Uber Drivers – Employee Or Independent Contractor?
By James Sanders, Associate, MST Lawyers
A 2016 decision in the United Kingdom’s Employment Tribunal determined that Uber drivers were to be recognised as “workers” under the Employment Rights Act, National Minimum Wage Act and Working Time Regulation. This decision entitled the drivers to minimum entitlements which included holiday and sick pay as well as breaks.
Uber asserted, at the time, that its drivers were self-employed, as they have no obligation to accept assignments from the company via its app, and can accept work from competitors.

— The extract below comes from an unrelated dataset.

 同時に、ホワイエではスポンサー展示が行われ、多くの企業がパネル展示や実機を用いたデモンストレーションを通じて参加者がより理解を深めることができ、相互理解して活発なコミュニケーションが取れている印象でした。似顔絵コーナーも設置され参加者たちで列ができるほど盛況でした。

In a recent case, the Fair Work Commission had to consider whether Uber drivers in Australia would be regarded as employees under the Fair Work Act 2009 (Cth) (Act) or independent contractors.
In December 2017, the Fair Work Commission dismissed an Uber driver’s unfair dismissal application, stating that the Uber driver was not a National System Employee covered by the Act and therefore had no entitlement to lodge an unfair dismissal claim when his service agreement was terminated for poor performance.

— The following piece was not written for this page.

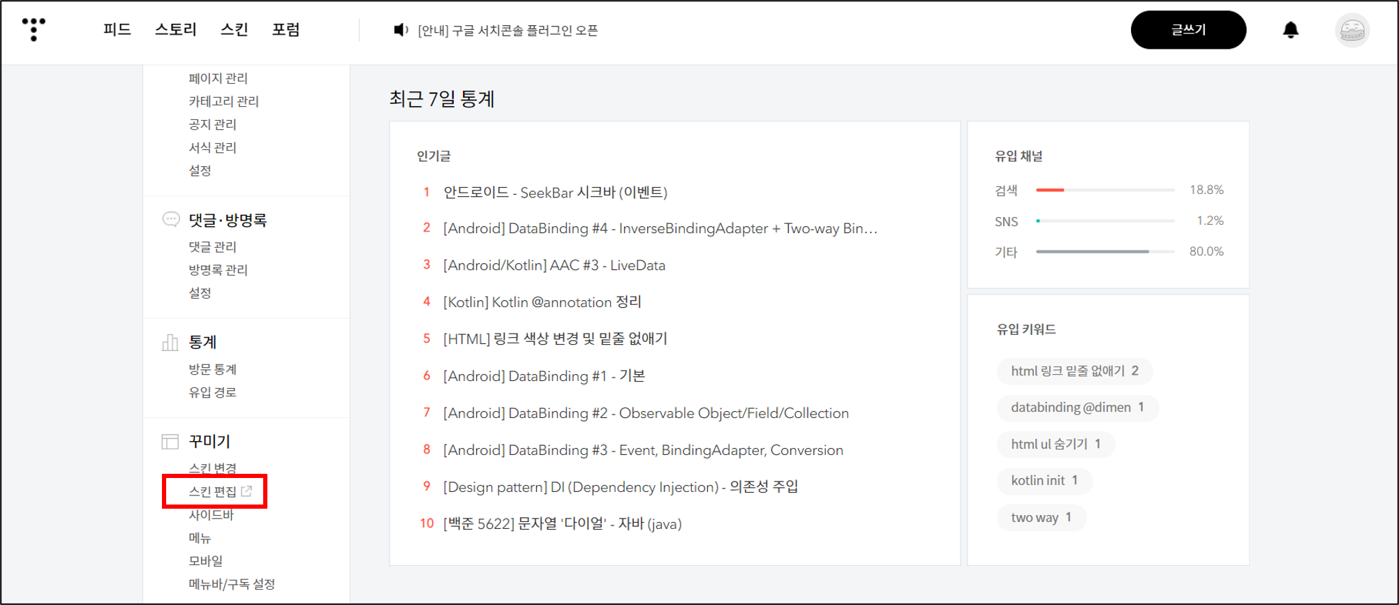 다른 스킨을 사용중이신 분들은 HTML / CSS 구조가 다를 수도 있습니다

The Uber driver urged the Commission to consider the UK decision. However, the Commissioner stated that the UK decision was of ‘no assistance’ due to the legislation at issue being ‘materially different’ to that which governed the case before him.
The Commissioner ultimately decided that the driver was not an employee and reached his decision by agreeing with Uber that the “wages-work bargain” was missing from the relationship and that the “multi-factorial approach to distinguishing an employee from an independent contractor” overwhelmingly pointed away from the relationship being that of an employee/employer.
In his conclusion, the Commissioner noted that these determiners were “developed and evolved at a time before the new “gig” or “sharing” economy” and may be “outmoded in some senses”.
As we move further into the “gig” economy, and with the ongoing global litigation Uber is facing in relation to both the correct classification of its drivers and whether it should be classified and regulated as a Taxi service, it is going to be extremely interesting to see how different countries classify this service.